O MP observa que, nesse momento, a inexecução do contrato já era conhecida internamente e que a conversa “demonstra que a liberação dos recursos não decorria da execução e medição dos serviços, mas de tratativas diretas”. No mês seguinte, a Santa Casa pagou R$ 281,5 mil à empresa; em junho, mais R$ 281,5 mil.

O aditivo que triplicou o preço da página e cortou a meta em dois terços também foi combinado antes. Em 22 de maio de 2025, Rinaldo avisa Benites: “o aditivo eu já vou passar na terça-feira no Comitê de Contratos. O Guilherme está sabendo, que é o presidente do comitê, e aí ele falou, não, não, vamos passar logo, que eu já assino isso daí”. O pedido formal foi protocolado no dia seguinte por Rinaldo e Alessandro Junqueira. A Coordenação de Custos rejeitou a mudança em 23 de junho; dois dias depois, o hospital pagou mais duas notas.

As mensagens indicam que o grupo já preparava um novo negócio. Em 17 de abril de 2025, Benites descreve a Jary a estratégia para substituir o sistema hospitalar Soul MV por um sistema seu, testado primeiro na ProntoMed, “ideia do Danilo”, o gerente de TI, e diz que precisa “chancelar isso” com ele e Rinaldo e “levar essa estratégia para Alir”. 
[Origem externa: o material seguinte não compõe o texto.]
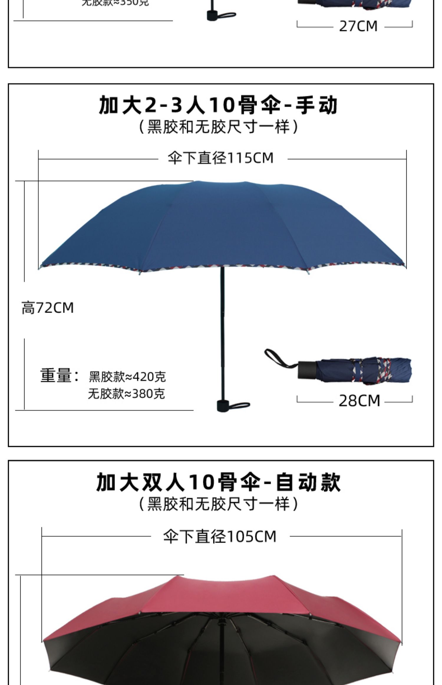 12 bone black glue-navy blue manual-rain and rain dual use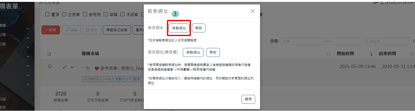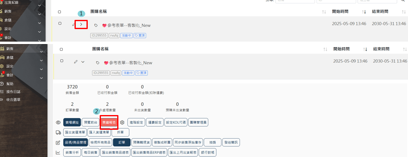 開團主可透過此功能,將他開的所有團(不限開哪間商家)整合所有團的業績報表/開團網址到這個畫面,也可直接從畫面導至該團業績報表查詢銷售狀況/營業額。
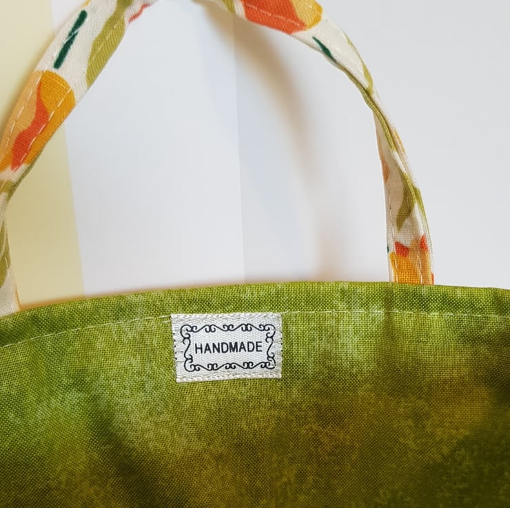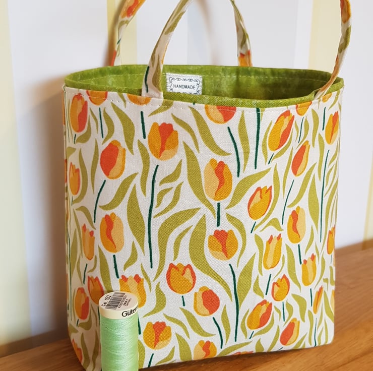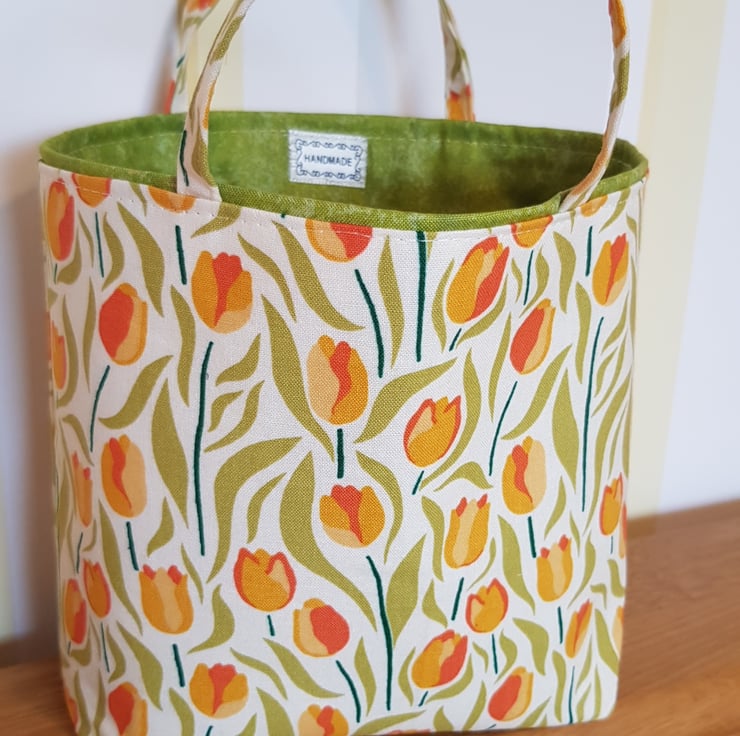 Handsewn by me with cotton fabric it is lined and interlined so will keep its shape. And it can be used to keep something in so has a future use too.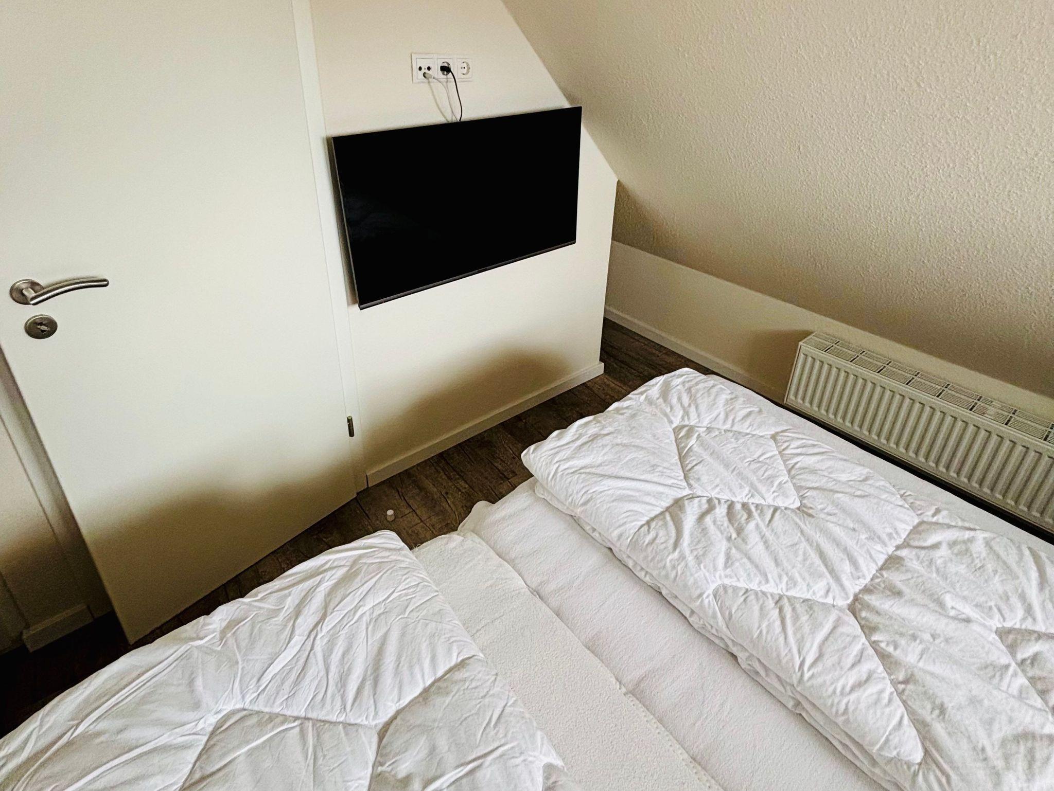 Die Wohnung verfügt über drei Schlafzimmer, von denen eines mit einem TV und CD-Player ausgestattet ist. Ein modernes Badezimmer mit Dusche sowie ein zusätzliches Gäste-WC sorgen für Komfort und Privatsphäre. Der gemütliche Wohn- und Essbereich lädt zum Verweilen ein, während die voll ausgestattete Küche alle Annehmlichkeiten für eine unkomplizierte Selbstversorgung bietet.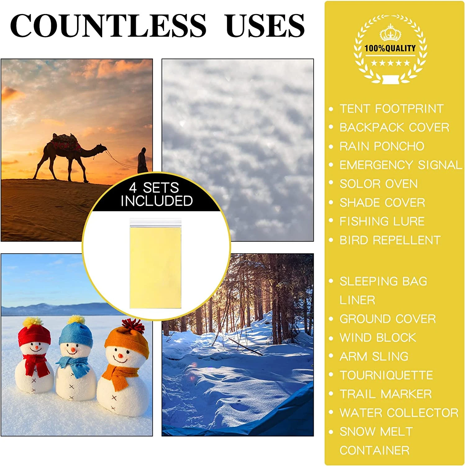 4. Cuando se utiliza en ambientes de baja temperatura, puede mantener el 80% de su propio calor para no ser emitido, y el fuerte reflejo hace que sea más fácil para el personal de rescate encontrarlo, que en realidad es una herramienta de supervivencia en la naturaleza.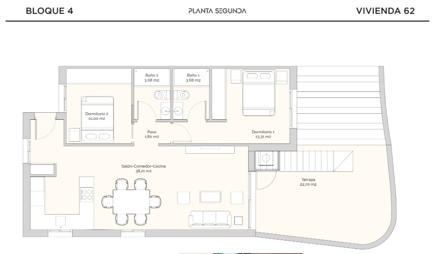 Het interieur van de woningen is zorgvuldig ontworpen om comfort en moderniteit te bieden. De appartementen, begane grond en penthouses zijn voorzien van porseleinen vloertegels, die een elegante uitstraling geven en gemakkelijk te onderhouden zijn. Alle eigendommen zijn uitgerust met airconditioning, wat het hele jaar door een aangename omgeving garandeert. Ingebouwde kasten bieden veel opbergruimte, terwijl de video-intercom een extra niveau van veiligheid en gemak toevoegt. De indeling omvat twee slaapkamers en twee badkamers, die voldoen aan de behoeften van verschillende soorten gezinnen.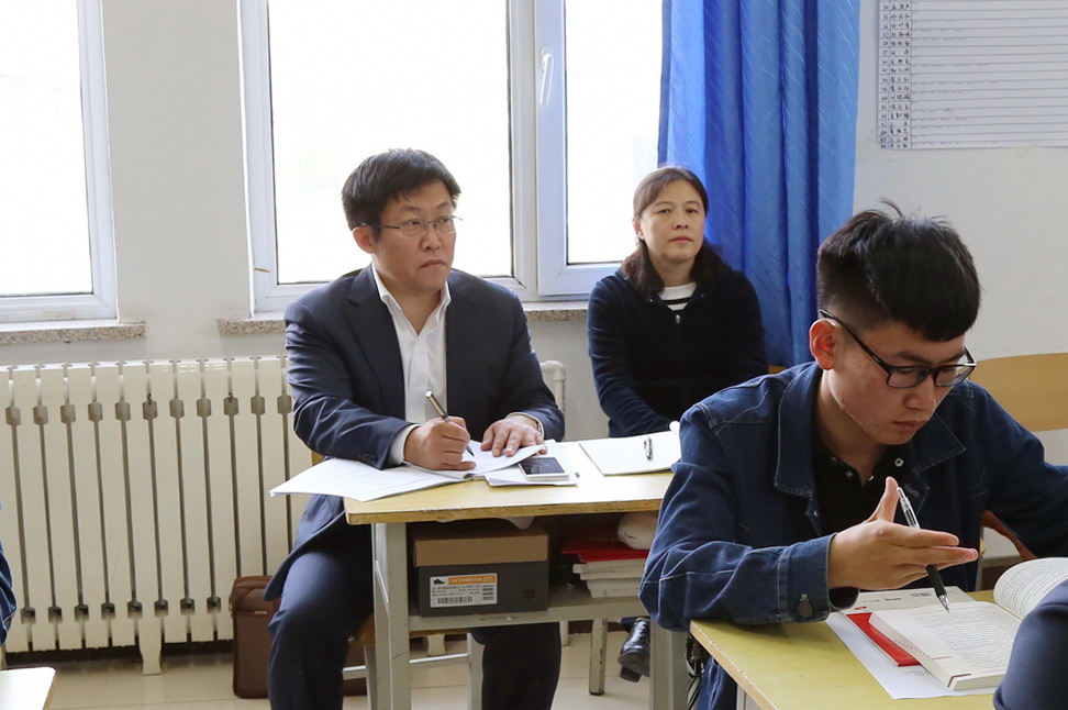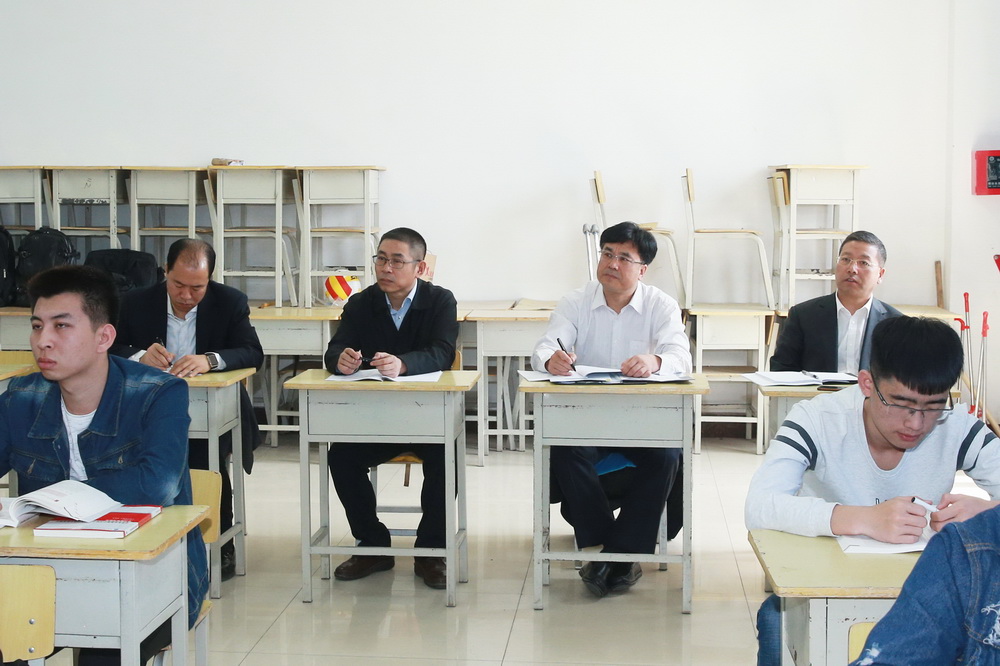会后,在王喜库书记、曹炳志院长、徐彤宝副书记和教务处处长张辉、质量监督处处长王学明、思政部主任李晓平的陪同下,调研组深入到学生班级进行听课,分别随机听了由黄金双、王效为、常晓天、王忆四位老师讲授的思政课。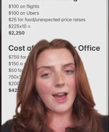 „Патувањето до канцеларија трае околу 45 минути, па стигнувам во 9 часот наутро“, објасни таа и во коментарите откри дека летовите ги плаќа од својата плата.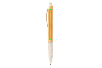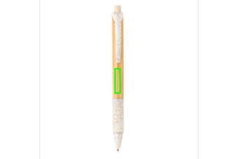 - Stylo au design unique combinant deux matériaux durables, le bambou et la fibre de paille de blé (composition : 60% de paille de blé et 40% ABS). Encre bleue Dokumental® de fabrication allemande pour +/- 1200m d’écriture et bille en carbure de tungstène assurant une écriture régulière.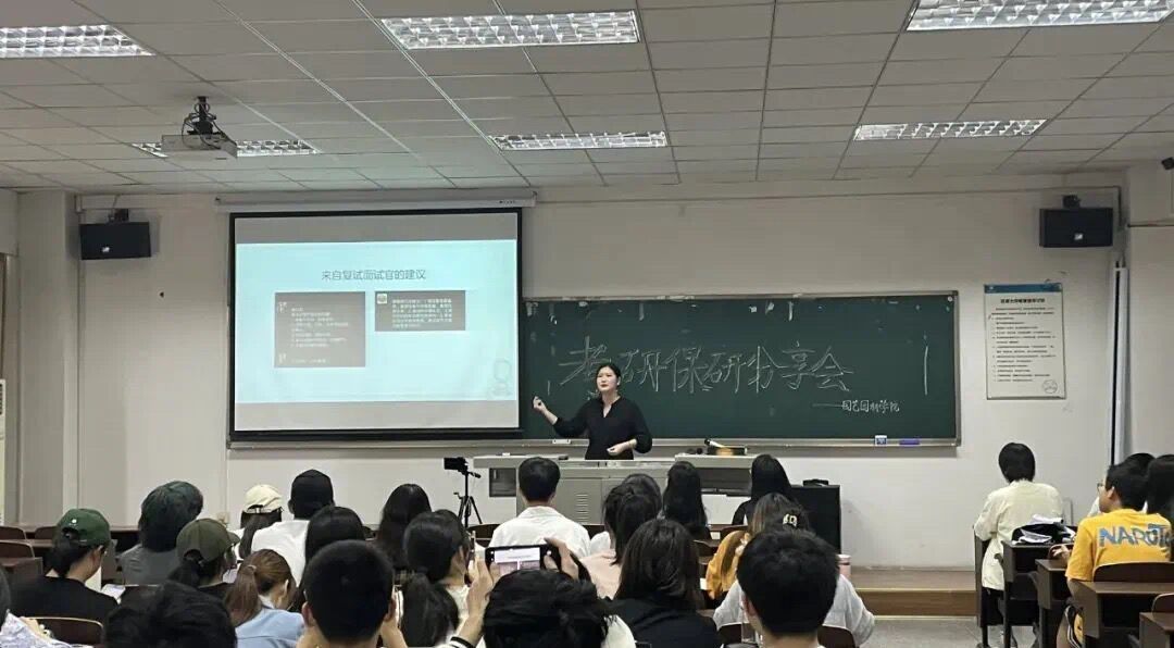 在三名优秀推免生中,推免华中科技大的胡悦琪从时间线着手,介绍了个人情况和前期准备,并详细指出中期夏令营和预免推两个阶段的具体安排,为我们提供宝贵的学习经验;推免天津大学的刘欣悦提出“卷、海、新”三字并做出解释,在与同学们的问答互动中,详细介绍了推免准备工作,剖析了同学们心中疑惑;推免重庆大学的方旭从保研流程和注意事项两个方面,结合自身经验提出问题并作出解答。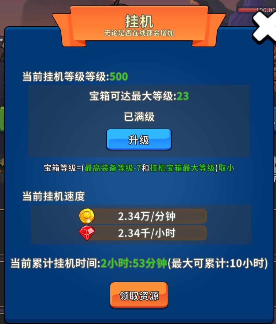 当挂机等级升级冷却低于1小时的时候可以看广告加速冷却,前期提升挂机等级可以加宝箱等级(最高23级)可以让你更快制造30级宝物。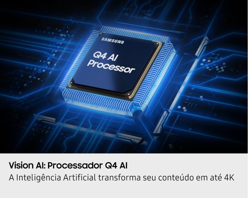Processador Q4 AI: inteligência em cada detalhe com a exclusiva tecnologia Vision AI, a TV otimiza qualquer conteúdo para resolução próxima ao 4K, garantindo imagens mais nítidas, brilhantes e cheias de vida.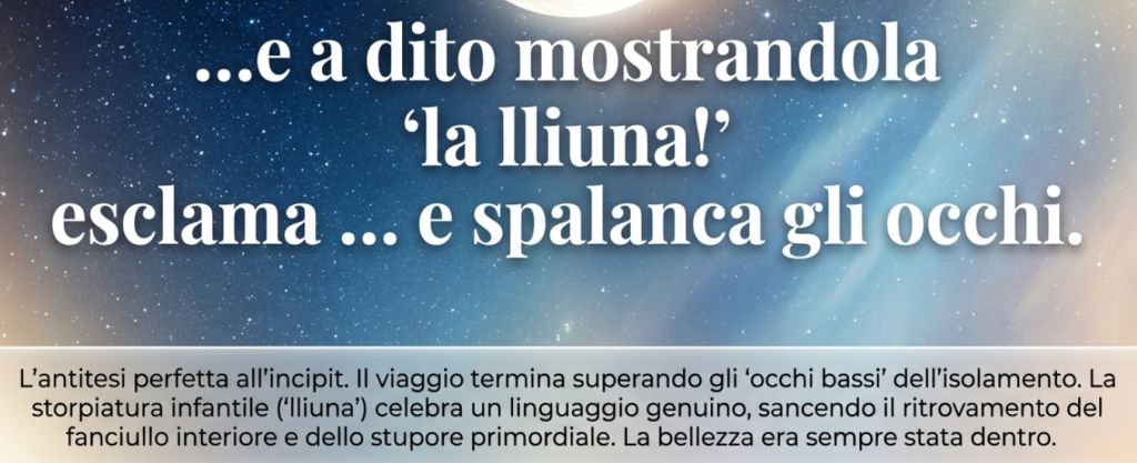 Il viaggio si conclude con il ritorno dei ricordi d’infanzia e la riscoperta del “bambino” interiore, che guarda il mondo (e la luna) con occhi colmi di meraviglia e amore: “E fu allora che il senso percepii / di quel mio lungo e faticoso andare: / il me stesso smarrito era il bambino, / dentro di me in silenzio accovacciato; / era la culla, il ventre caldo era, / il dolce mio riparo / di cui sentivo forte la mancanza; / era il bambino / che di sé s’innamora / e a dito mostrandola / ‘la lliuna!’ / esclama … e spalanca gli occhi”. In questo recupero di uno stupore primordiale, lo “spalancare gli occhi” rappresenta il superamento definitivo degli “occhi bassi e pensiero spento” dell’inizio.

Em 22 de maio, Rinaldo comunica: “já está aprovado os quatro sistemas, tá? Eu consegui falar e aí já está aprovado… aí aproveitar e falar do seu sistema já, que eu falei que está pronto, que já dá para trocar MV”. Para o MP, “primeiro os integrantes ajustavam entre si o negócio, definiam sua aprovação e comunicavam o resultado ao empresário. Depois promoviam os atos internos necessários para conferir aparência formal à decisão já tomada”.

Jary deixou a Santa Casa em janeiro de 2026. A juíza negou sua prisão por falta de risco atual, “sem prejuízo da adoção de medidas cautelares diversas”. Os áudios são citados na decisão judicial; as defesas ainda não tiveram acesso aos autos, que o MP pediu para tornar públicos na sexta-feira.